There is also an initialization method called “He et al. initialization”, “Kaiming initialization”, or just “MSRA initialization”, which is commonly usedThe training is very deep in a neural network similar to the ReLU activation function (especially PReLU).

The uniform distribution is initialized as follows:

The initialization of the distribution is as follows:

We will discuss this initialization method in Practitioner Bundle and ImageNet Bundle when training very deep neural networks on large image sets.

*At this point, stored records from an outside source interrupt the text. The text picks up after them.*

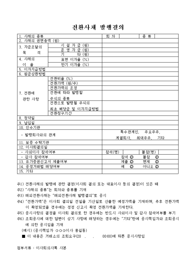 9,000원/월사채의 종류, 사채의 권면총액, 자금조달의 목적, 사채의 이율, 이자지급방법, 원금상환방법, 전환에 관한 사항, 청약일, 납입일 등을 기재하는 전환사채발행결의 양식입니다.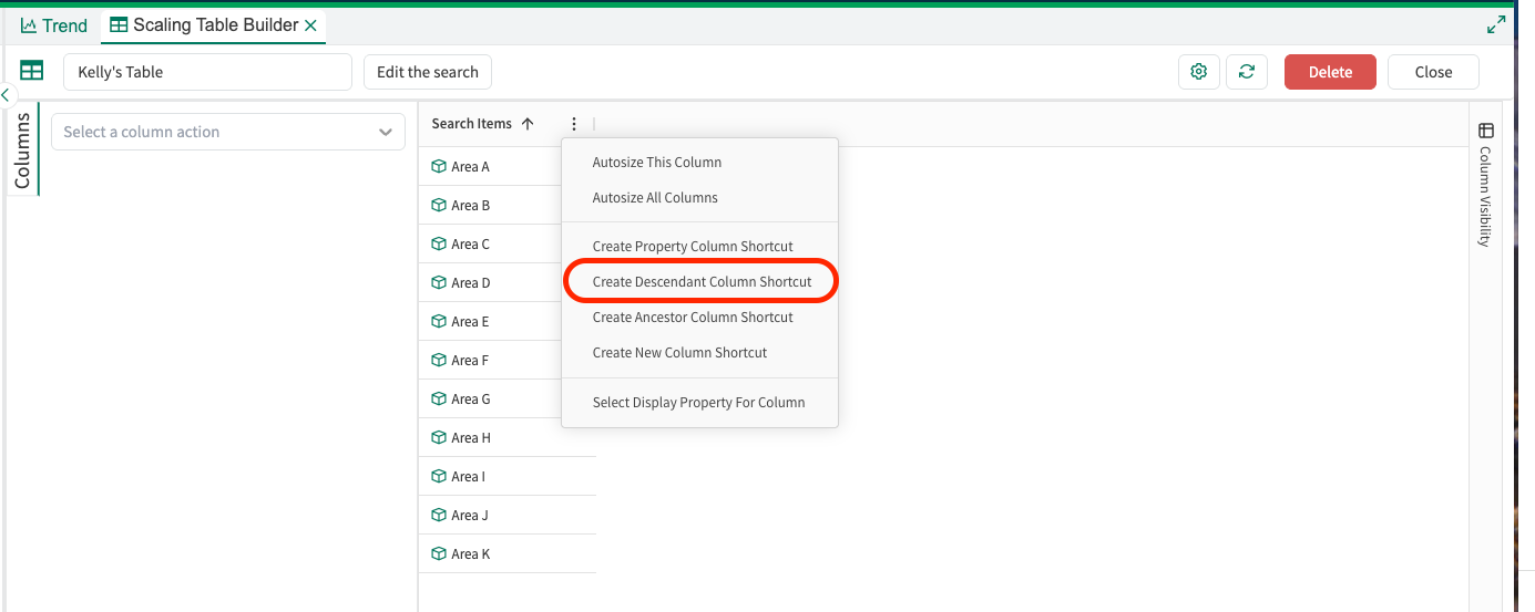 Shortcuts are another way to quickly populate new columns with properties, descendants, and ancestors. If you’ve started your Scaling Table by doing a Property Search for assets, using the Create Descendant Column Shortcut is the fastest way to bring in your signals, scalars, or conditions associated with each asset to be able to start building calculations. Ancestors allow you to navigate up layers in your tree, and the property shortcut lets you extract information from the items in that column.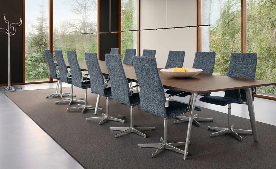 The new, extended seat delivers a more natural sitting posture, while the upgraded tilt mechanism and adjustable seat height better respond to different body types and activities. Angled armrests tuck neatly under tabletops. And multiple base options, including a new a four-star fixed base, come in a range of finishes for total customization. Leather and textile upholstery in new colors enhance the minimalist design, which is equally at home in private spaces as in the office or a public place.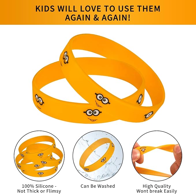 - 25 pack of bright yellow wristbands with multiple funny faces with eyes . Makes a great addition to the popular movie themed party!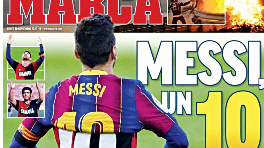 The footballing world, still reeling from the loss of Diego Maradona, continued paying homage to the Argentine legend. The cover picture of Spanish sports daily Marca yesterday portrayed Lionel Messi’s tribute to his icon. Messi, like Maradona, has played for both Barcelona and Newell’s Old Boys. The current Barcelona skipper removed his shirt to reveal the red and black of the Rosario club before pointing to the sky, dedicating his goal against Osasuna in a La Liga encounter on Sunday. PHOTO: TWITTER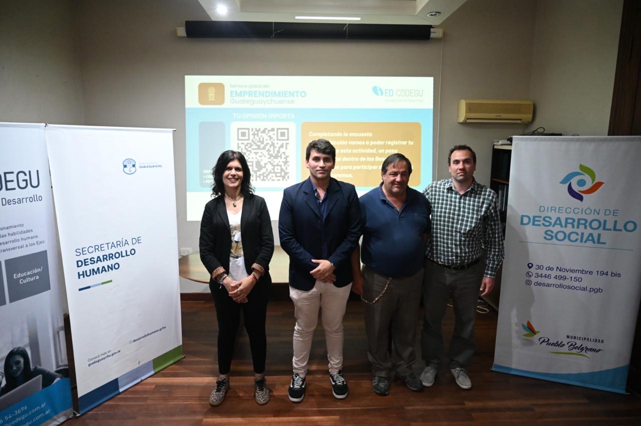 Se puso en marcha la Semana Global del Emprendimiento 2025, una iniciativa internacional que promueve la creación, el crecimiento y la consolidación de proyectos a través de espacios de formación y encuentro. El lanzamiento oficial contó con la presencia de Juan Ignacio Olano, secretario de Desarrollo Humano; Tomás Fogg, presidente de CODEGU, y Marcos Miotti, responsable de la Oficina de Empleo de Pueblo Belgrano, quienes acompañaron el inicio del ciclo y destacaron la importancia de generar políticas que fortalezcan el entramado productivo local.
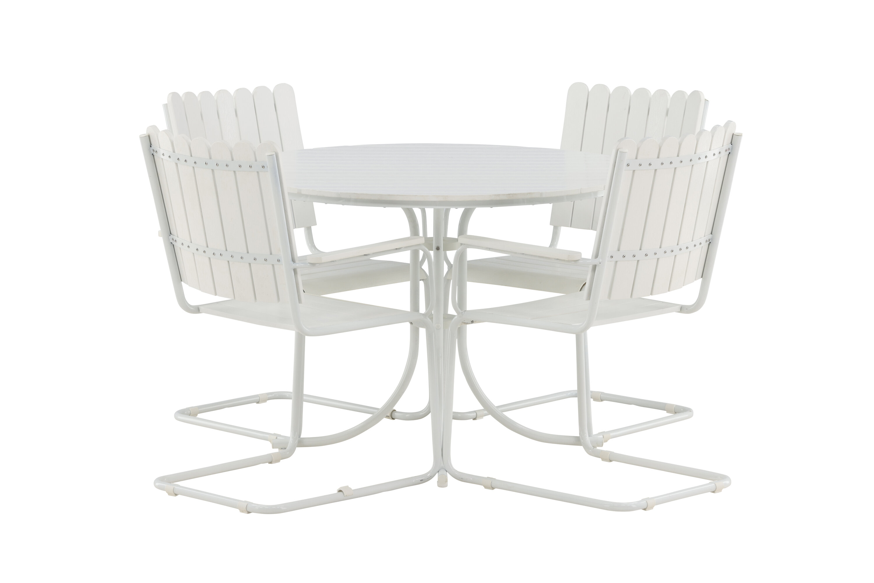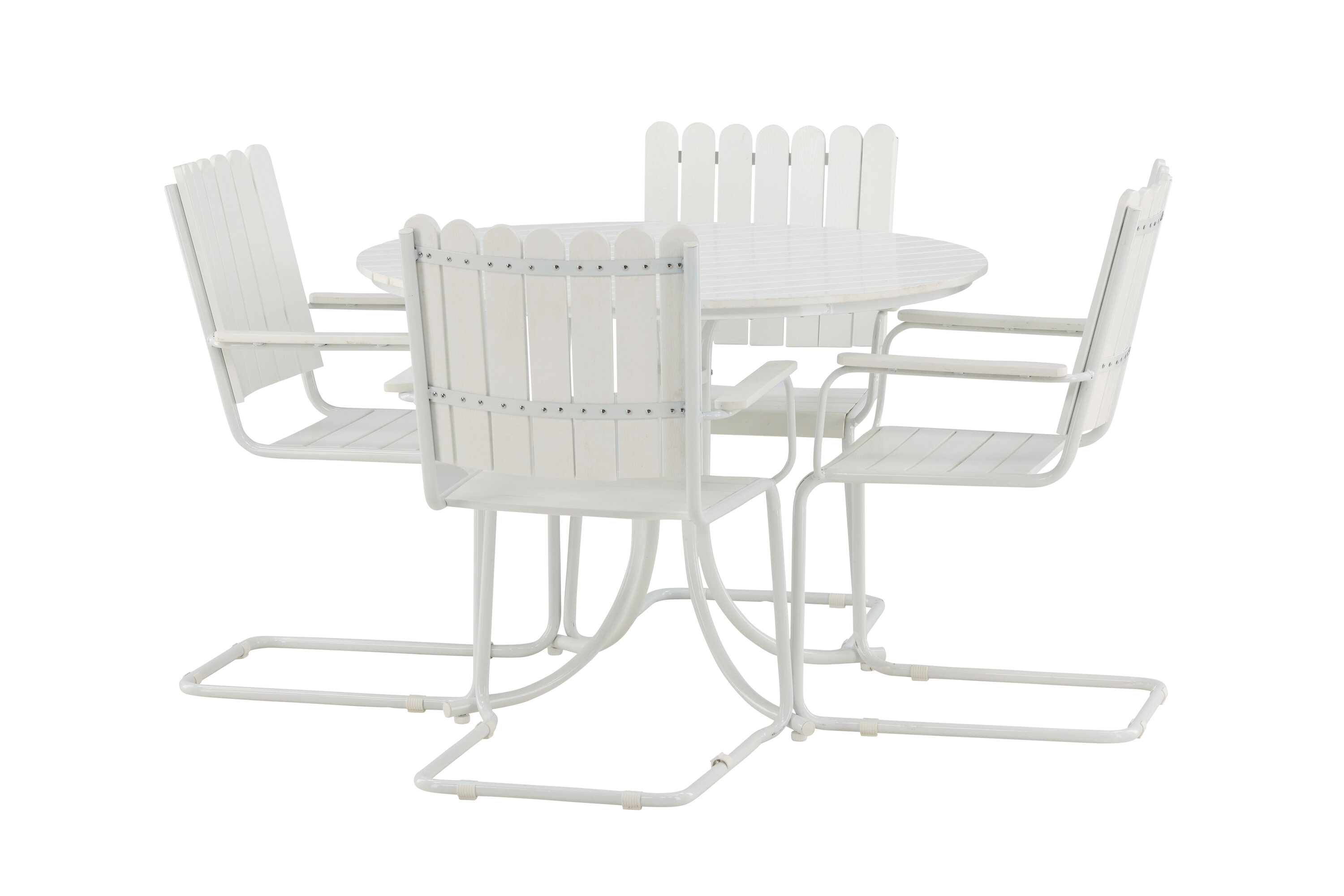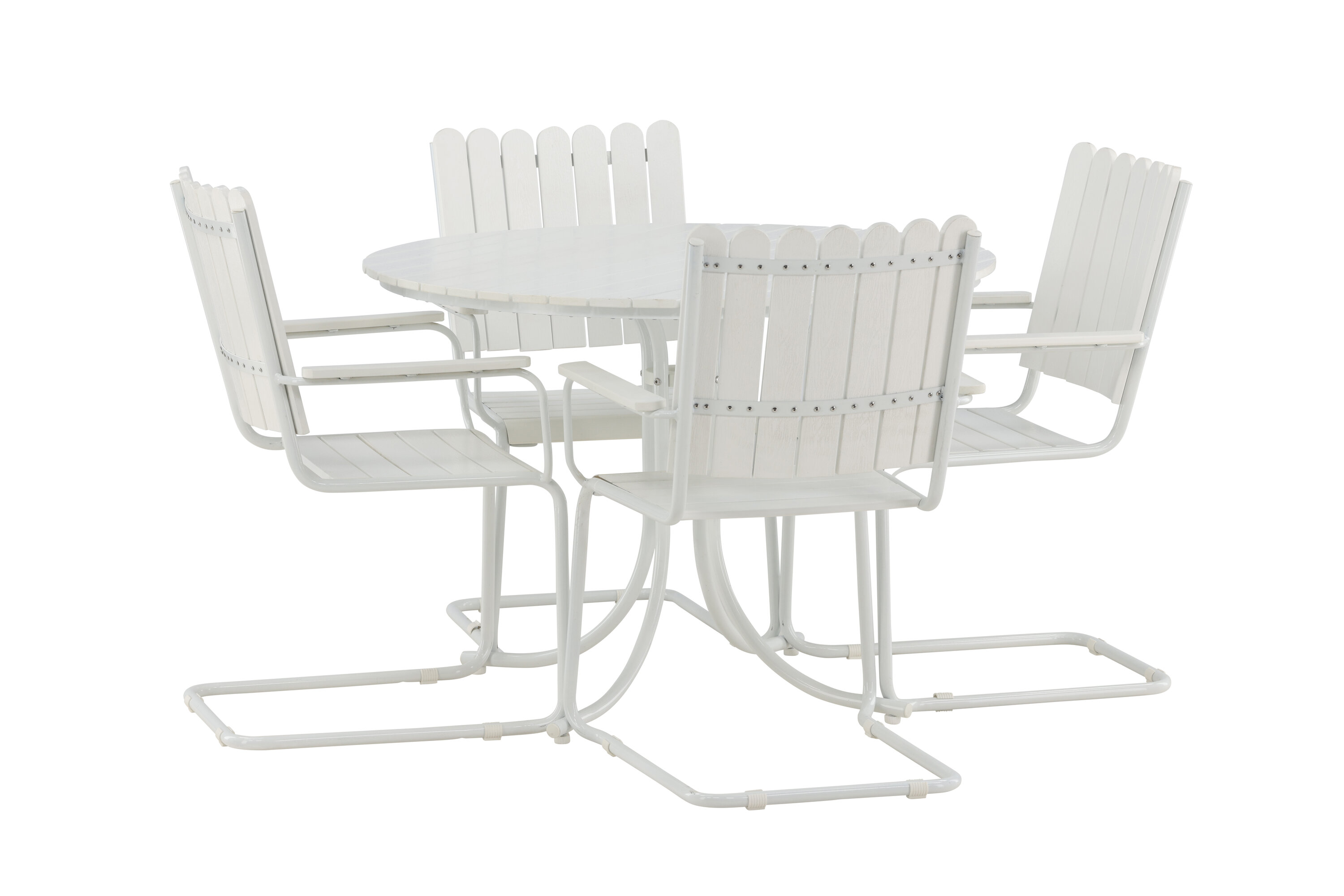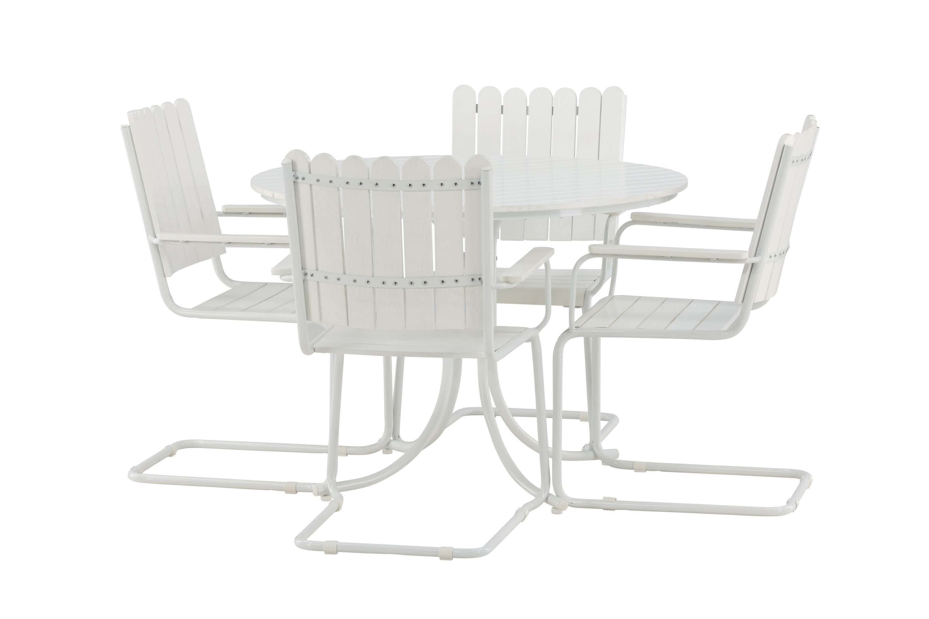 Un groupe alimentaire avec une table ronde et quatre chaises qui se balancent facilement. Les matériaux de la chaise et de la table sont l'acier et le bois d'Aint.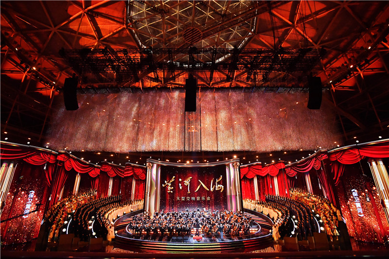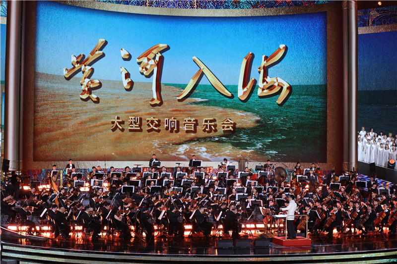 水母网9月16日讯(通讯员 王宇 摄影 白少光 樊圆圆)9月16日晚8:00,由文化和旅游部、山东省委、省政府共同主办的大型交响音乐会《黄河入海》在济南奥体中心东荷体育馆举行。《黄河入海》大型交响音乐会既是贯彻落实习近平总书记在黄河流域生态保护和高质量发展座谈会上重要讲话精神的重要举措,也是用文艺的形式讲好新时代黄河故事、新时代山东故事,促进黄河流域文化交流的一次全新尝试。

（6）Initialization of application differences

Perhaps this actual limit will be different in different literature, which needs to be treated concretely in different literature.

2 summary

Unfortunately, as some of our research results (such as CIFAR-10) show, standard neural networks can not achieve high classification accuracy when we use challenging image sets with disparities in translation, rotation, viewpoints, etc. I got it on these datasets.With reasonable accuracy, we need to work on a particular type of feedforward neural network called CNNs (Convolutional Neural Networks).

3 appendix

[1] Jürgen Schmidhuber. “Deep Learning in Neural Networks: An Overview”. In: CoRR
abs/1404.7828 (2014). URL: http://arxiv.org/abs/1404.7828
(cited on pages 29,
128).

[2] Greg Heinrich. NVIDIA DIGITS: Weight Initialization.
https://github.com/NVIDIA/
DIGITS/blob/master/examples/weight-init/README.md. 2015 (cited on pages 165,
167).

The tenth chapter is the foundation of neural network.